Pay attention to what cart you put your intended purchase in.  Seriously.  I humbly submit that I have, in one of my comatose states, placed my item into another cart, pushed it a few steps and then found myself wondering who put the pickled beets in my cart. The fun part afterwards is going back to find your cart. Luckily I managed to retrace my steps on this occasion and avoided someone running after me screaming that I have their cart. Thank goodness!  But this one could get to be real embarrassing if you can’t find your cart.

Take the extra step and put your cart in the cart corral.  I firmly believe that what goes around comes around and have witnessed that principle at work in the parking lots of grocery stores. That wayward cart will come around your way eventually. Save your car the future wind bump from the karma gods and park it after loading your groceries in your car.

Have your coupons ready before you get to the checkout window.  I generally do this, but on the times I haven’t, I end up finding coupons that I meant to use but forgot about. Do this one for yourself as well as for the Hurry-up Helen’s and Harry’s (impatience knows no gender). You’ll save yourself money and avoid a piercing glare from your fellow shoppers (keep in mind they may have tomatoes in their cart waiting to be launched in your direction).

Don’t take a number at the deli or meat counter and wander out of hearing distance.  There is a reason there is a number system in these areas and it is not so that you can come back and say “Oh, you’re on 22?  I am number 20.” Stick around a few minutes. It is not the time to go digging for that perfect head of cabbage you need to make your famous coleslaw. If it can’t wait, or you can’t wait, then come back another time. Nobody likes to be bumped because someone wasn’t paying attention.

Save the cell phone conversation for when the shopping is done. This is probably number one on every top ten list. Cell phones have taken over our society and we have forgotten our manners. Nobody wants to listen to your discussion while you are shopping. By the same token, I am sure that the person on the other end does not want to hear you order the Chinese Chicken salad or know how much your grocery bill has totaled. Save the call for later.

Pay attention Don’t play the invisible car while walking with your grocery cart in the parking lot.  Walking in a parking lot as if nothing can touch you without a cart is dangerous enough. Add a shopping cart and you have a real danger. In short, be sure the car sees you before you walk into the crossway.  Everyone will go home in one piece. Hospitals and lawyers have enough people who really need their help. comes in many forms.

 Keep those little ones in hand. This is a tough one, I know. I’m not so far removed from raising my kids that I don’t remember how they can dart, skip, run or jump at a moments notice. There’s a free sample in aisle 10?  “See ya, Mom!” as they run in front of Mrs. Senior Citizen. A box of candy on the shelf catches their eye.

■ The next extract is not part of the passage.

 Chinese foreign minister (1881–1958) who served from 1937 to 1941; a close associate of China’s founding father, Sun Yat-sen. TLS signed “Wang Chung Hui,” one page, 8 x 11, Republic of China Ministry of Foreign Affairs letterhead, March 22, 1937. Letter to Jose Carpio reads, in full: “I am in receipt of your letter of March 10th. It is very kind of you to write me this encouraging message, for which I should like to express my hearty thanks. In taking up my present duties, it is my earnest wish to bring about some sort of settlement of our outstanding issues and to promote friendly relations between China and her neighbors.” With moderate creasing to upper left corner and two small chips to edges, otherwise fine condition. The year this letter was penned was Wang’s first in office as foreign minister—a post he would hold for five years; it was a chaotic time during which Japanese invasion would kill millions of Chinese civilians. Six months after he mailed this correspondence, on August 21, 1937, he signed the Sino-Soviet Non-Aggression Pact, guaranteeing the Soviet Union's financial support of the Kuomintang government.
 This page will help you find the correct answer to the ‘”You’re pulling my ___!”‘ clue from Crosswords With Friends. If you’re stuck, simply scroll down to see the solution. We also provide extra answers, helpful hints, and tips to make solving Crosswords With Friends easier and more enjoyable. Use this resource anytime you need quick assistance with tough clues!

Forget it, they’re gone. Teach these future shoppers that they are sharing their space with the rest of the world and the rest will take care of itself.

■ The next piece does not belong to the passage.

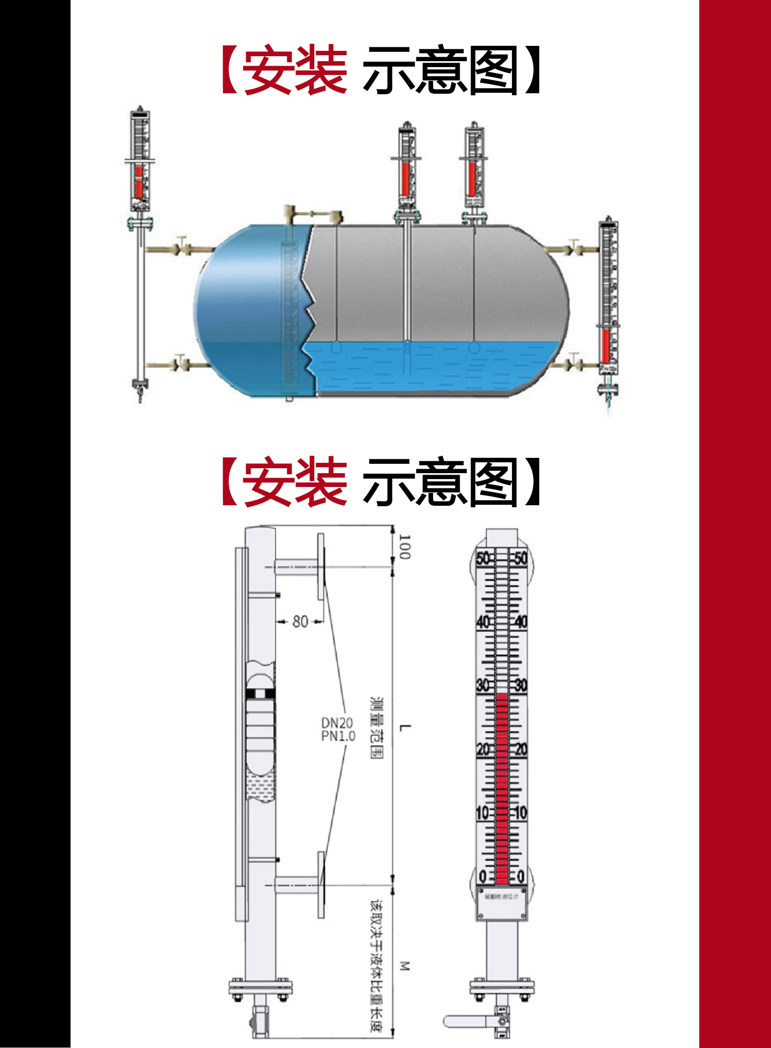 UHZ磁性翻板液位水位計(jì)儀器遠(yuǎn)傳側(cè)裝頂裝不銹鋼內(nèi)襯防腐蝕浮球
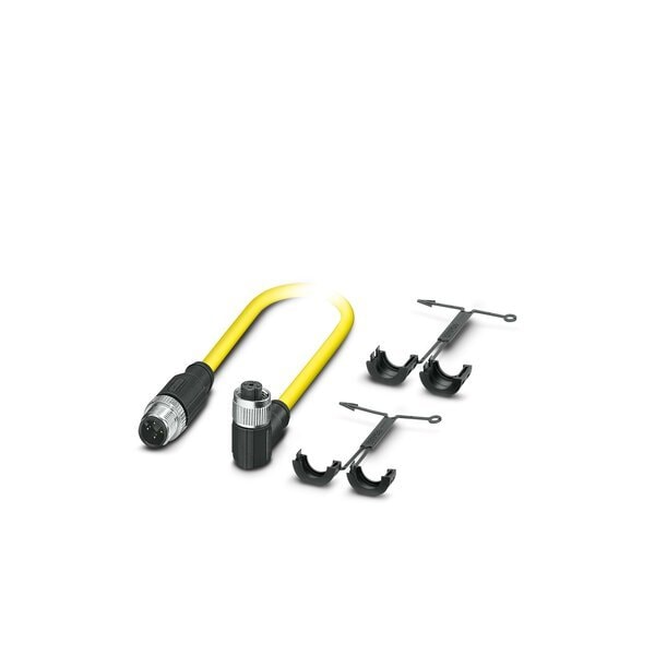 Sensor/actuator cable 4-position PVC yellow shielded Plug straight M12 coding: A on Socket angled M12 coding: A cable length: 1.5 m

These are just the observances that my immediate group of shoppers have shared with me. Because I am aware of my track record (see confessions above) I really try to be patient when I am a victim of one of these irritants. After all, I’ve been shown the same courtesy when I’ve made a bone-headed move. 

I still like the turn signal and stop sign idea, though. Maybe we can morph it into everyone picking a shopping cart color, as well.

Make mine lemon yellow. 

Maybe that would keep me from putting my purchases in the wrong cart.